- Problem details -
Copy out exactly the lines spanning the line with "至於史上最低的「金靴獎」得主" to the line with "Breite (Durchmesser Kühlkörper)", inclusive, from the data underneath, with no pictures.

- Task inputs -
<<<<

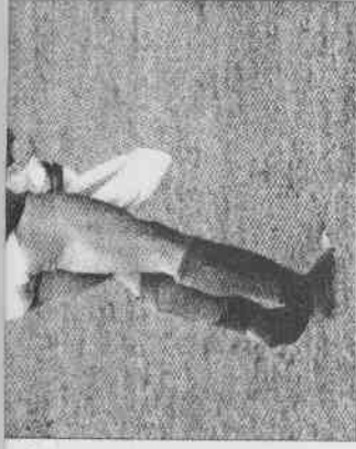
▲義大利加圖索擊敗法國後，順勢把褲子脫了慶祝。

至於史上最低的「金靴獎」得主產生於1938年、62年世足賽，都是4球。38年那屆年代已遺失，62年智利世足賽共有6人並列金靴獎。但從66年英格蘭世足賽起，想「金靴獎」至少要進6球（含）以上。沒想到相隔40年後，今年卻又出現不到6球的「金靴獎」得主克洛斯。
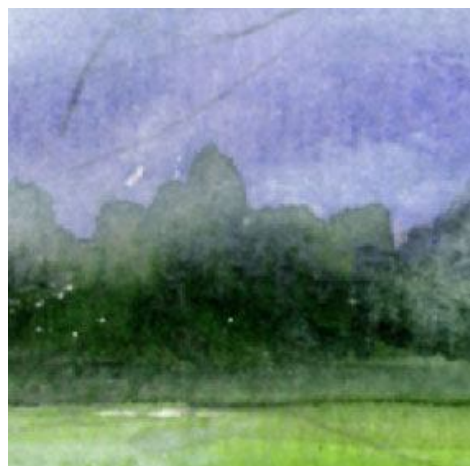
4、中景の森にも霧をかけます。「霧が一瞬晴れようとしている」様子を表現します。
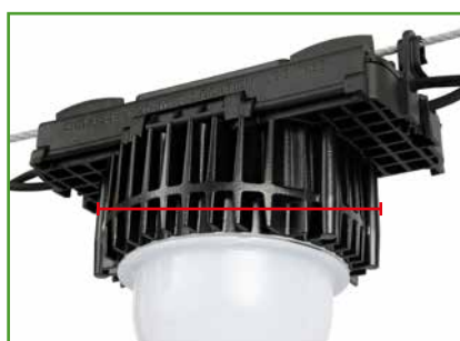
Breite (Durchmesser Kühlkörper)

>>>>
<<<<

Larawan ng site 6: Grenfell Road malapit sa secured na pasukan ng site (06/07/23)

>>>>
<<<<

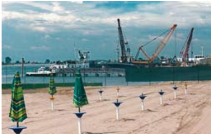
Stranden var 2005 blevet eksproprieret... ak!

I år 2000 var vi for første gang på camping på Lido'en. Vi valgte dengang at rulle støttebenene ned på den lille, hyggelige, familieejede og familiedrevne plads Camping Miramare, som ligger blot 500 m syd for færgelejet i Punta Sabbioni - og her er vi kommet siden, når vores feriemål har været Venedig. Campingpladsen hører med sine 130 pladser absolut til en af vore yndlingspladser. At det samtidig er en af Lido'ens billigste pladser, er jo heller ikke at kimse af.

>>>>

- Completed exercise -
至於史上最低的「金靴獎」得主產生於1938年、62年世足賽，都是4球。38年那屆年代已遺失，62年智利世足賽共有6人並列金靴獎。但從66年英格蘭世足賽起，想「金靴獎」至少要進6球（含）以上。沒想到相隔40年後，今年卻又出現不到6球的「金靴獎」得主克洛斯。
4、中景の森にも霧をかけます。「霧が一瞬晴れようとしている」様子を表現します。
Breite (Durchmesser Kühlkörper)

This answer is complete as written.